Via a GSS (Government Statistical Service) blog post yesterday – Why Do We Need Another Register? – announcing the Statistical Geography Register, which contains “the codes for each type of statistical geography within the UK”, I came across mention of the ONS Register of Geographic Codes.
This register, maintained by the Office of National Statistics, is released as a zip file containing an Excel spreadsheet.
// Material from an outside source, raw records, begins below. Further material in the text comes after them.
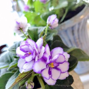 ミニセントポーリア 暑さに負けず爽やかに咲いてくれてます 奥は1月に葉をカットして小さくなったミニセントポーリア、また元気に咲きだしました✨1年中くり返し咲く、丈夫ないいコ😊 ➁丈夫ないいコの子どもたち、すでに4つお嫁に出して、このコたちも花が咲きだしてるので早く嫁ぎ先を決めてあげねば ➂マジックアマリリスが根付き、葉もたくさん出てきました!鉢が小さいから植え替えたいけど暑いよね…
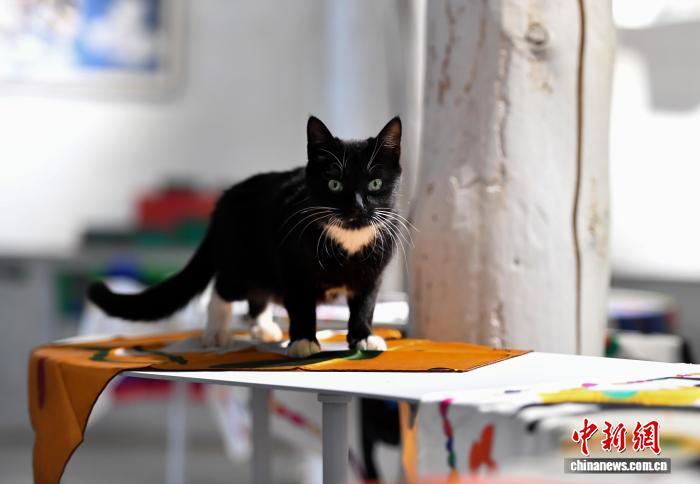 获聘“乡城县荣誉文旅局长”的本土猫咪“卓喵”。记者 王磊 摄
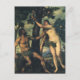 The Fall of Man; Adam and Eve (c. 1570) by Titian is a vintage Renaissance fine art religious portrait painting featuring Adam and Eve in the Garden of Eden. Eve is reaching for an apple from the tree of the knowledge of good and evil. A serpent (or snake) tempted Eve, who was aware of the prohibition against eating the forbidden fruit.
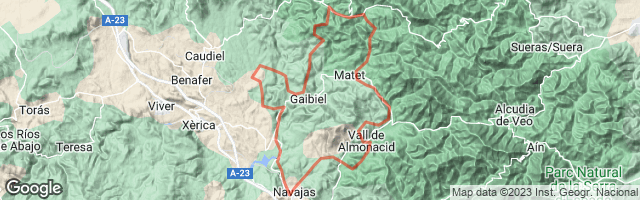 Ruta que sale de Calles. Tiene una subida bastante exigente, por la pendiente y por lo roto del terreno. La recompensa es la bajada del tiñoso, una pista rápida serpenteante.
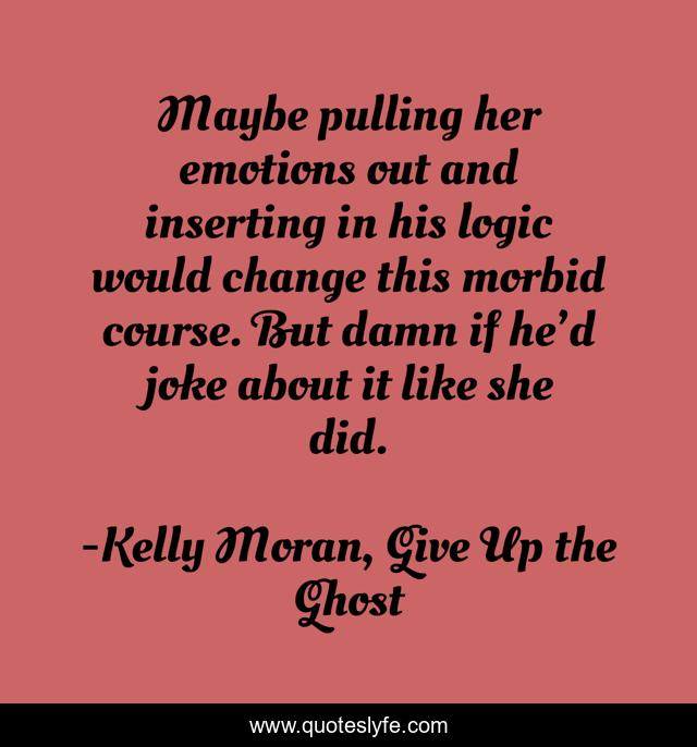 This page presents the quote "Maybe pulling her emotions out and inserting in his logic would change this morbid course. But damn if he’d joke about it like she did.". Author of this quote is Kelly Moran, Give Up the Ghost. This quote is about death, kelly-moran, paranormal, romance, supernatural, ghosts,.
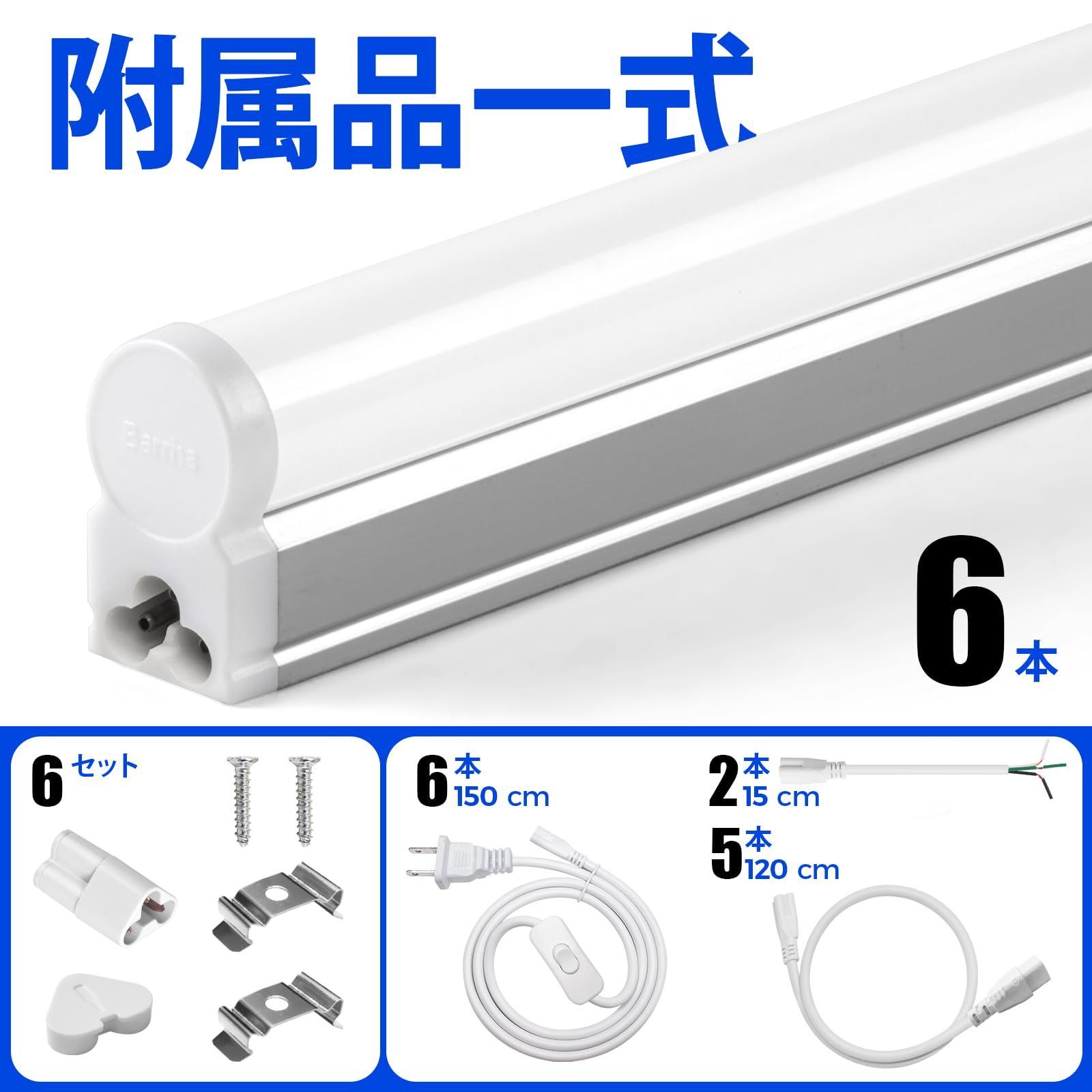 6本入り LED蛍光灯品質:3年間無制限、品質に問題がある場合は、簡単かつ迅速に交換します。付属品:1.5m電源スイッチ線×6 、連結コネクタ×6、1.2m連結ケーブル線(工事不要)×5、連結ケーブル線(接続工事要)×2、固定金具 ×6、ネジ ×6、保護キャップ×6

Separate worksheets in the spreadsheet list codes for various geographies in England and Wales (but not Scotland; that data is available elsewhere).
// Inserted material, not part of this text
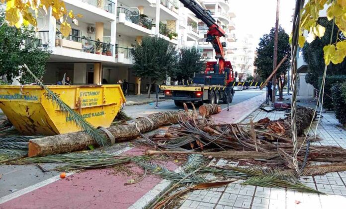 Ο φοίνικας, που βρισκόταν σε πεζοδρόμιο έξω από πολυκατοικία, είχε πάρει κλήση από το πρωί και οι ένοικοι περίμεναν ότι θα πέσει.
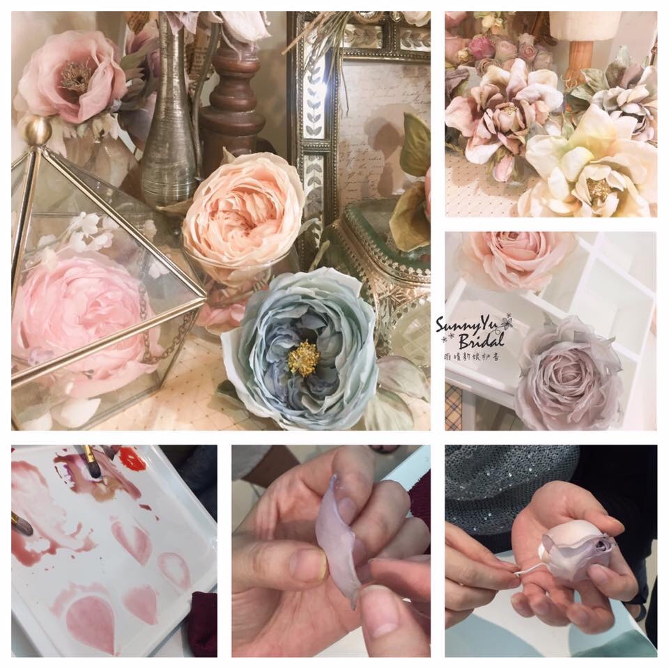 從剪裁花瓣、調色染布料、燙花型、做花的小表情直到最後的組合⋯

To make a rather more reproducible component for accessing the data, I hacked together a simple notebook to pull the data out of the spreadsheet and pop it into a simple SQLite3 database as a set of separate tables, one per sheet.
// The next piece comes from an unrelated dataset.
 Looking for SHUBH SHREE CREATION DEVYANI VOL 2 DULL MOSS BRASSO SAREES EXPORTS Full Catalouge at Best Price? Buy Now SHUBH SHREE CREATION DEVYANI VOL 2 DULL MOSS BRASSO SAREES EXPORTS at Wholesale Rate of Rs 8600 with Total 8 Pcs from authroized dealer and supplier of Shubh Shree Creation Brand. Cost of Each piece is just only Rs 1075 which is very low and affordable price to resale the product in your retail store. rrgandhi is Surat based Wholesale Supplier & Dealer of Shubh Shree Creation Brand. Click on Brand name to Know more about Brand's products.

One thing we need to do to reconcile items in the metadata sheet and the sheetnames by joining a couple of the columns together with a subscript:
xl['RGC']["codeAbbrv"] = xl['RGC']["Entity code"].map(str) + '_' + xl['RGC']["Entity abbreviation"].map(str)
The bulk of the script is quite simple (see the full notebook here):
import sqlite3 con = sqlite3.connect("onsgeocodes.sqlite") cols=['GEOGCD','GEOGNM','GEOGNMW','OPER_DATE','TERM_DATE','STATUS'] bigcodes=pd.DataFrame(columns=['sheet']+cols) bigcodes.to_sql(con=con, name='codelist', index=False, if_exists='replace') sheets= list(xl.keys()) sheets.remove('For_Scotland') for sheet in sheets[2:]: xl[sheet].to_sql(con=con, name=sheet, index=False, if_exists='replace') xl[sheet]['sheet']=sheet #Reorder the columns xl[sheet][['sheet']+cols].to_sql(con=con, name='codelist', index=False, if_exists='append')
You may also notice that it creates a “big” table (codelist
) that contains all the codes – which means we can look up the provenance of a particular code:
q=''' SELECT sheet, GEOGCD, GEOGNM, GEOGNMW, codelist.STATUS, "Entity name" FROM codelist JOIN metadata WHERE "GEOGCD"="{code}" AND codeAbbrv=sheet '''.format(code='W40000004') pd.read_sql_query(q, con)
sheet | GEOGCD | GEOGNM | GEOGNMW | STATUS | Entity name | |
---|---|---|---|---|---|---|
0 | W40_CMLAD | W40000004 | Denbighshire | Sir Ddinbych | live | Census Merged Local Authority Districts |
We can also look to see what (current) geographies might be associated with a particular name:
q=''' SELECT DISTINCT "Entity name", sheet FROM codelist JOIN metadata WHERE "GEOGNM" LIKE "%{name}%" AND codeAbbrv=sheet AND codelist.STATUS="live" '''.format(name='Isle of Wight') pd.read_sql_query(q, con)
Entity name | sheet | |
---|---|---|
0 | Super Output Areas, Lower Layer | E01_LSOA |
1 | Super Output Areas, Middle Layer | E02_MSOA |
2 | Unitary Authorities | E06_UA |
3 | Westminster Parliamentary Constituencies | E14_WPC |
4 | Community Safety Partnerships | E22_CSP |
5 | Registration Districts | E28_REGD |
6 | Registration Sub-district | E29_REGSD |
7 | Travel to Work Areas | E30_TTWA |
8 | Fire and Rescue Authorities | E31_FRA |
9 | Built-up Areas | E34_BUA |
10 | Clinical Commissioning Groups | E38_CCG |
11 | Census Merged Local Authority Districts | E41_CMLAD |
12 | Local Resilience Forums | E48_LRF |
13 | Sustainability and Transformation Partnerships | E54_STP |
What I’m wondering now is – can I crib from the way the ergast API is put together to create a simple API that takes a code, or a name, and returns geography register information related to it?
The same approach could also be applied to the registers I pull down from NHS Digital (here) – which makes me think I should generate a big codelist table for those codes too…
PS this in part reminds me of a conversation years ago with Richard et al from @cottagelabs who were mooting, at the time, a service that would take an arbitrary code and try to pattern match the coding scheme it was part of and then look it up in that coding scheme.
PPS hmm, also thinks: maybe names associated with coding schemes could be added to a simple document tagger.